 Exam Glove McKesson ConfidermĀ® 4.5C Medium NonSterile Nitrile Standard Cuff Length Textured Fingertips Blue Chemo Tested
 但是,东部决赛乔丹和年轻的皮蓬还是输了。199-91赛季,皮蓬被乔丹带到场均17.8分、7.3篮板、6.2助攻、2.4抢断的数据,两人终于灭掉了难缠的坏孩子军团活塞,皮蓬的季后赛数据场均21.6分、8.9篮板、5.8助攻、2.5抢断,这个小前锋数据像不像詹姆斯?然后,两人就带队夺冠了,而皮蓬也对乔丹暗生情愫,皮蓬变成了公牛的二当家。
--
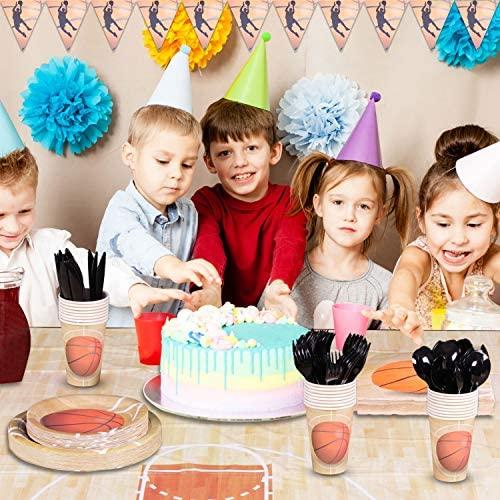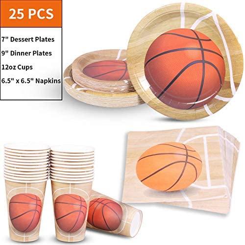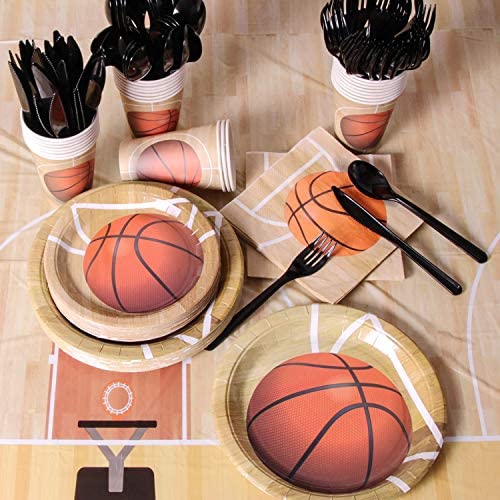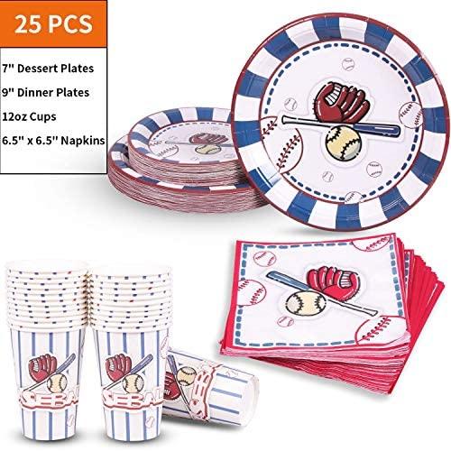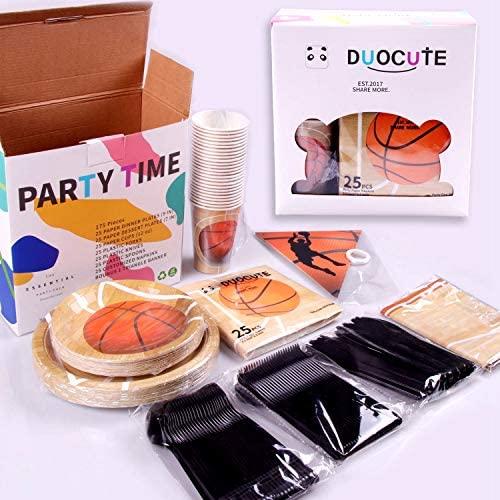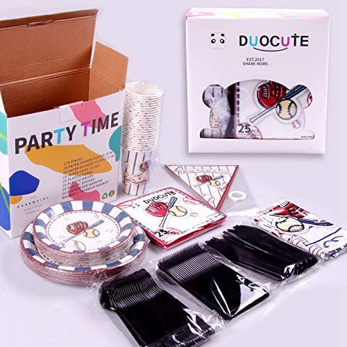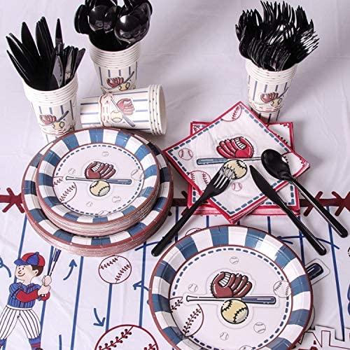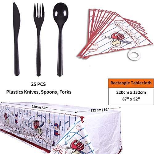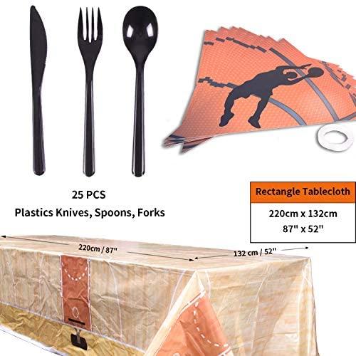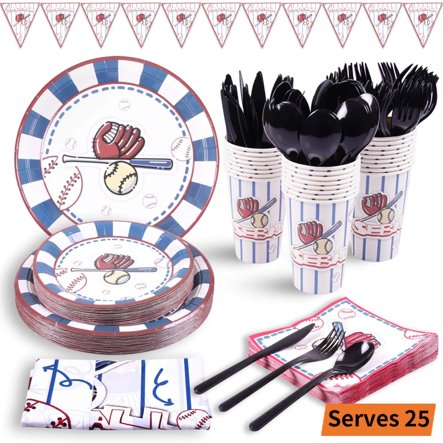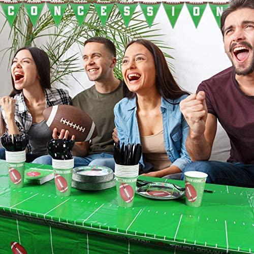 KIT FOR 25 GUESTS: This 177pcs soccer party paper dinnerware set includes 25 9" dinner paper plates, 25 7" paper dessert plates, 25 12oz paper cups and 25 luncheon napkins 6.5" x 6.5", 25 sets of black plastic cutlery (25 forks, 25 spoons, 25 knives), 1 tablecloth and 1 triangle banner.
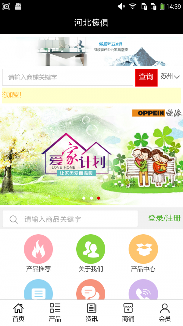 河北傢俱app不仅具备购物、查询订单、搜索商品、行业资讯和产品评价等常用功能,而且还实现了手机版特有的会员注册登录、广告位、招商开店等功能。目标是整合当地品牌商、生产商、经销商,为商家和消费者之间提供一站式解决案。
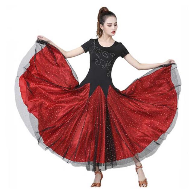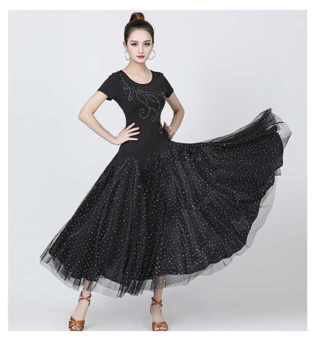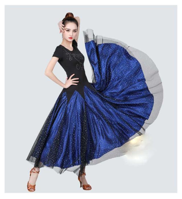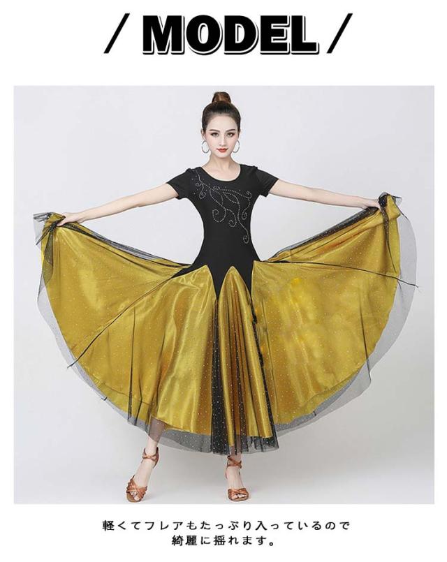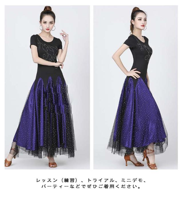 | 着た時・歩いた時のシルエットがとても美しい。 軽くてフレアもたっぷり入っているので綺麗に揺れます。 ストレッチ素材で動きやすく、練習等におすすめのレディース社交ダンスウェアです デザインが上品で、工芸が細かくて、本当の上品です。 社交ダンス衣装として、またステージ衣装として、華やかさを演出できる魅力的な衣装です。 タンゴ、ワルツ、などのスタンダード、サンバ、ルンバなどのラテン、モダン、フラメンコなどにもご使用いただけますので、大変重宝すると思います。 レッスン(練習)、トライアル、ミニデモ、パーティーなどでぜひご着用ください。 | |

**Exercise brief**
Leaving out all pictures, set down exactly the lines of the material above, from the line with "KIT FOR 25 GUESTS: This" to the line with "河北傢俱app不仅具备购物、" inclusive, and no others.

**Exercise answer**
 KIT FOR 25 GUESTS: This 177pcs soccer party paper dinnerware set includes 25 9" dinner paper plates, 25 7" paper dessert plates, 25 12oz paper cups and 25 luncheon napkins 6.5" x 6.5", 25 sets of black plastic cutlery (25 forks, 25 spoons, 25 knives), 1 tablecloth and 1 triangle banner.
 河北傢俱app不仅具备购物、查询订单、搜索商品、行业资讯和产品评价等常用功能,而且还实现了手机版特有的会员注册登录、广告位、招商开店等功能。目标是整合当地品牌商、生产商、经销商,为商家和消费者之间提供一站式解决案。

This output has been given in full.